When she got back downstairs, Gina called her into the living room. She’d pulled down the bedspread Libby had over the window. “We needed more light,” she said. “Alex is going to take notes.”
Alex looked at Libby and Libby handed her the pad.
“Okay,” Gina said. “First one.” She was sitting on the couch next to Maisey and Tyler, and had a little stack of papers that she’d unfolded and smoothed out on one knee. She picked up one of the papers. “‘Dear Fairy Lady.’”
Alex sniggered and Gina said “Now, now!” but was smiling at her, so Alex kept going: “Sounds like an advice columnist for gays.”
Tyler let out a muffled snort of appreciation.
“‘Dear Fairy Lady,’” Gina repeated. “‘My question is . . .’” She squinted at the page. “Oh, I see what he’s saying. ‘My question is, all the natural world became by evolving. Did fairies evolve, and what did they evolve from? Thank you for answering my question.’”
“How’m I supposed to answer a question like that?”
“I wonder what they did evolve from,” Alex said.
Gina was studying the paper. “Well, we have to say something. Let’s see . . . Alex, you ready?”
“I really don’t think—” Libby fidgeted nervously.
“Tom, his name’s Tom. ‘Dear Tom. Fairies and humans do, in fact, share a common ancestor—’”
“You can’t say that!” Libby jumped up. “They’re . . . like archetypes. Archetypes don’t evolve—”
“You can’t say ‘archetypes,’” Gina said. “Nobody knows what that means. Did you get that, Alex?”
Alex nodded, her pen poised. Libby sat back down. What could she do?
“‘However, as you . . .’ Hmmm. Scratch that.” She thought a second. “Okay, write it this way—”
“I already wrote ‘however.’”
“We’ll have to copy them over.”
Alex nodded.
“Aunt Libby should copy them over,” Tyler said. “Then sign them. In her handwriting and everything.”
“I am not copying them over. This is your baby, Gina.”
Gina shrugged. “Let’s just get this done, okay? Alex. ‘The human and fairy lines split about three million years ago . . .’”
Libby could have just about screamed.
“‘. . . humans embraced violence and a doctrine of subjugating nature, while the fairies retained their kinship with all living things.’ There, is that enough, do you think?” She was asking Alex, not Libby.
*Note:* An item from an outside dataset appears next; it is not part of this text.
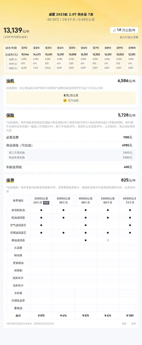 综上所述的新车含税价、用车成本、市场行情、优势分析、同款比价等数据仅供参考。在配置部分,因为二手车非标品,车辆可能会存在配置改装的情况,具体车况信息需要线下结合车辆实际情况进行综合参考。
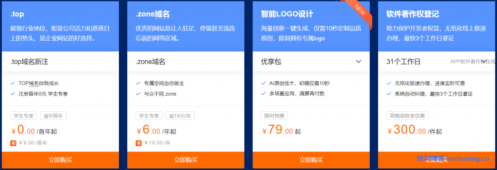 仅限学生认证用户购买,0元享受.top后缀域名,6元享受.zone域名,智能LOGO设计优享包和软件著作权登记优惠。前往购买阿里云学生0元域名优惠产品>>

Alex held up the pad to show how much room the dictation had taken. “But I think this pen is running out of ink,” she said.
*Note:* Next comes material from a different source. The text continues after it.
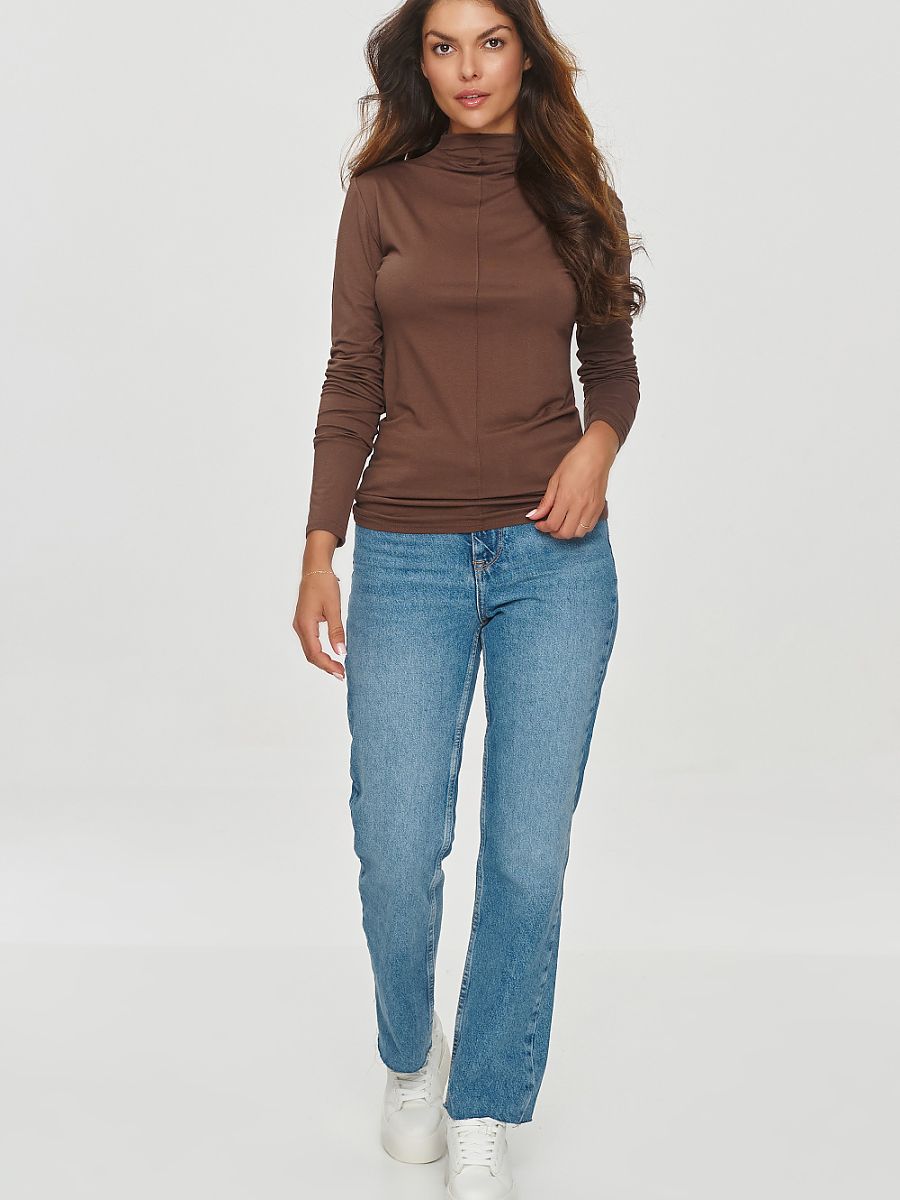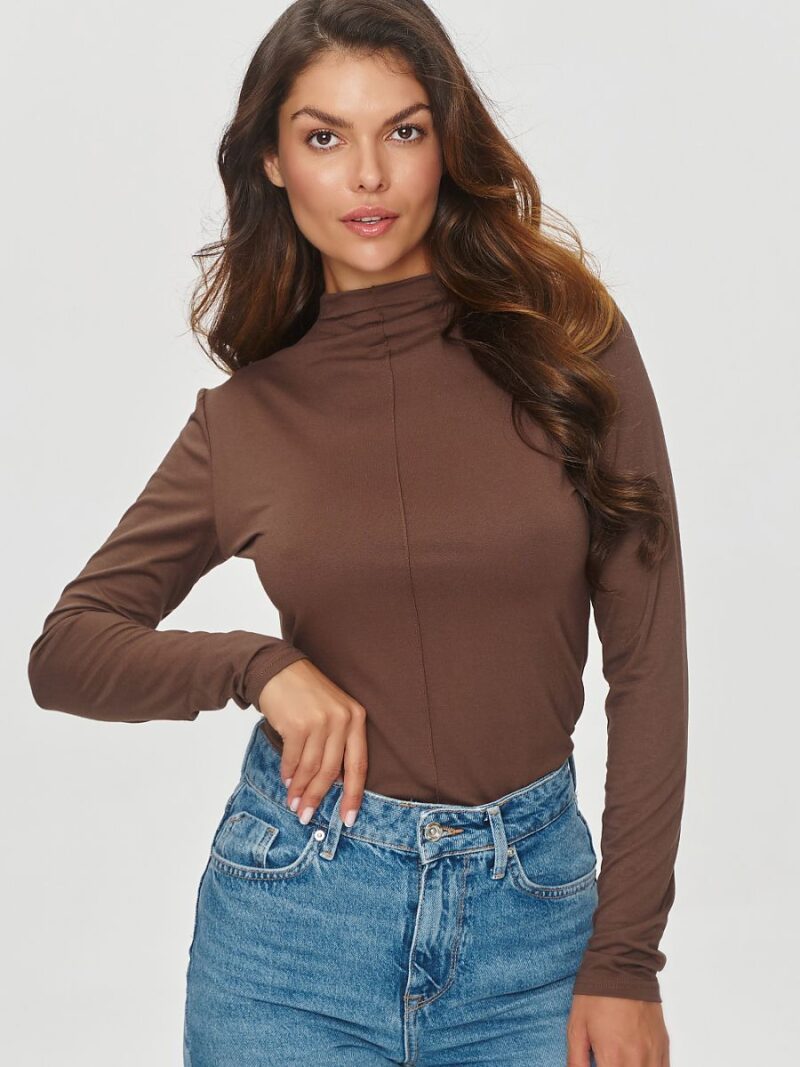 Le chemisier universel pour femme en viscose légère et respirante est un classique de la garde-robe automne-hiver. Le modèle a un col roulé et des manches longues pour assurer la fonctionnalité. La couture sur le devant du chemisier lui ajoute de l’originalité et du caractère unique. Le modèle est légèrement ajusté mais ne gêne pas les mouvements grâce au matériau élastique. Sa forme simple est un excellent complément à de nombreuses tenues, à la fois décontractées et plus formelles. Modèle idéal pour les femmes appréciant le mélange de confort, de fonctionnalité et d’intemporalité.

“I’ll get you another one.” Tyler sprang up and headed toward the coffee tin of pens and pencils Libby kept by the phone. When he brought a new pen back, he perched on the arm of Alex’s chair and read over her shoulder. “That’s pretty good, you guys,” he said.
Traitor.
Libby guessed she couldn’t blame him. But then, all of a sudden, she noticed Maisey. Before, Tyler had been seated between her and Gina. Now that he’d moved, Maisey put her feet on the couch and rested her chin on her knees. Her eyes were kind of unfocused. Whatever she was thinking about, it wasn’t Libby. Or letters about fairies.
“Hey, Maisey, I like your haircut.”
The girl looked up at her aunt. “Thanks.” But then the far away look came right back.
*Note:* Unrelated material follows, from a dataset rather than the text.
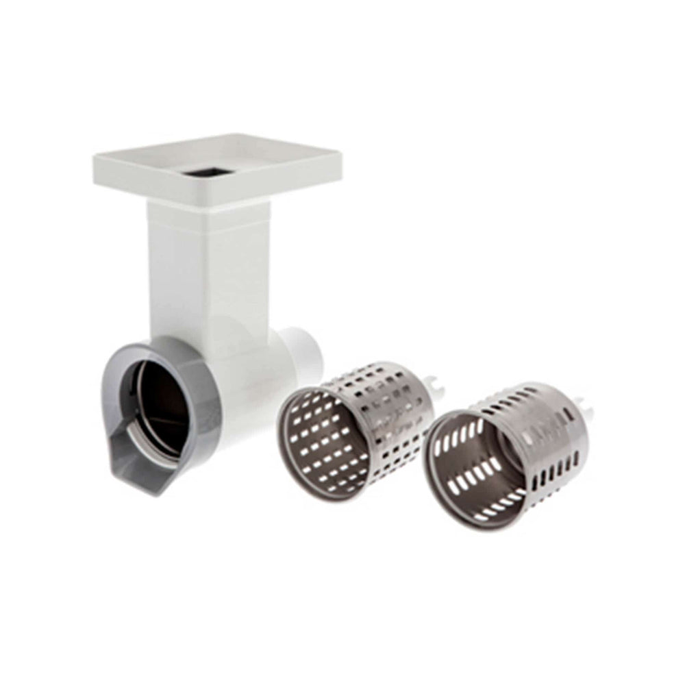 To use the attachment, you need to turn your mixer on its side. Place a plate or chopping board beneath the grater to collect your chopped vegetables. With your ingredients grated and ready to go, dinner will be ready in minutes.

“Okay, next one,” Gina said.
The phone rang.
“Excuse me, folks.”
It was Paul.
“Hey, babe, want some company?”
Company?
“I’m—hang on,” he said. “Let’s see. Just passed the Avon exit. See you in, what, twenty minutes?”
“Oh!” Libby gasped “Oh, no, Paul, I—the place is a mess.”
Of all the things, this was the one she hadn’t planned for. Yeah, she knew, stupid of her. But Paul was at best indifferent about her little operation, and at worst slightly hostile about it. Right? Sure, he’d come that one time, a kind of obligatory gesture on his part. But she hardly expected him to make the 40-mile drive on a Sunday, just for the hell of it. They’d fallen into such a nice steady routine, Libby driving to Rochester Mondays, Wednesdays, and Thursdays, dinner out, Saturday nights too, sometimes; sometimes a couple of hours back at his place after they ate. It had never occurred to her that he might—
“It’s been awhile,” he said, sounding awfully cheerful. “I thought I should make the drive this time. You know, see your new tractor.”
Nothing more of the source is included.